GENERIC GPU PROJECT (GGP) is a library for performing calculations on graphics processing units (GPUs), leveraging NVIDIA's CUDA platform, as well as support for AMD, INTEL, and CPU architectures. It is a 'pruned' version of the QUDA library which itself is a highly optimised library for lattice gauge theory computations, capable of running accross different architectures.
At this development stage we reatain the QUDA, Quda, and quda naming conventions in the code so that we may track any future addition to the QUDA library and integerate with ease. This may change at a future date.
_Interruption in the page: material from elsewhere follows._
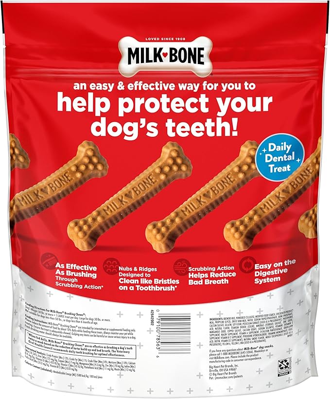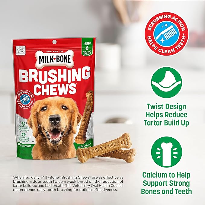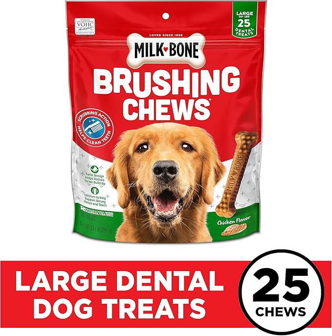 Milk-Bone Brushing Chews Daily Dental Dog Treats, Chicken Flavor, Large, 25 Count

In making this library we attempt to leverarge several desirable aspects of QUDA while leaving the library open to more than lattice gauge theory application codes. The aspects we retain are:
-
Robust mixed-precision combinations of double, single, half and quarter precisions (where the latter two are 16-bit and 8-bit "block floating point", respectively).
-
Use of many GPUs in parallel is supported throughout, with communication handled by QMP or MPI.
-
Automatic kernel profiling and optimisation via the autotuner.
-
Power monitoring for the GPUs, and in future, individual kernels
-
A robust cross platform and cros compilier build and instalation system
-
Robust error checking, memory management, and API interaction.
The library has been tested under Linux (CentOS 7 and Ubuntu 18.04) using releases 10.1 through 11.4 of the CUDA toolkit. Earlier versions of the CUDA toolkit will not work, and we highly recommend the use of 11.x. QUDA has been tested in conjunction with x86-64, IBM POWER8/POWER9 and ARM CPUs. Both GCC and Clang host compilers are supported, with the minimum recommended versions being 7.x and 6, respectively. CMake 3.15 or greater to required to build QUDA.
For a list of supported devices, see
http://developer.nvidia.com/cuda-gpus
Before building the library, you should determine the "compute
capability" of your card, either from NVIDIA's documentation or by
running the deviceQuery example in the CUDA SDK, and pass the
appropriate value to the QUDA_GPU_ARCH
variable in cmake.
QUDA 1.1.0, supports devices of compute capability 3.0 or greater. QUDA is no longer supported on the older Tesla (1.x) and Fermi (2.x) architectures.
See also "Known Issues" below.
It is recommended to build QUDA in a separate directory from the source directory. For instructions on how to build QUDA using cmake see this page https://github.com/lattice/quda/wiki/QUDA-Build-With-CMake. Note that this requires cmake version 3.15 or later. You can obtain cmake from https://cmake.org/download/. On Linux the binary tar.gz archives unpack into a cmake directory and usually run fine from that directory.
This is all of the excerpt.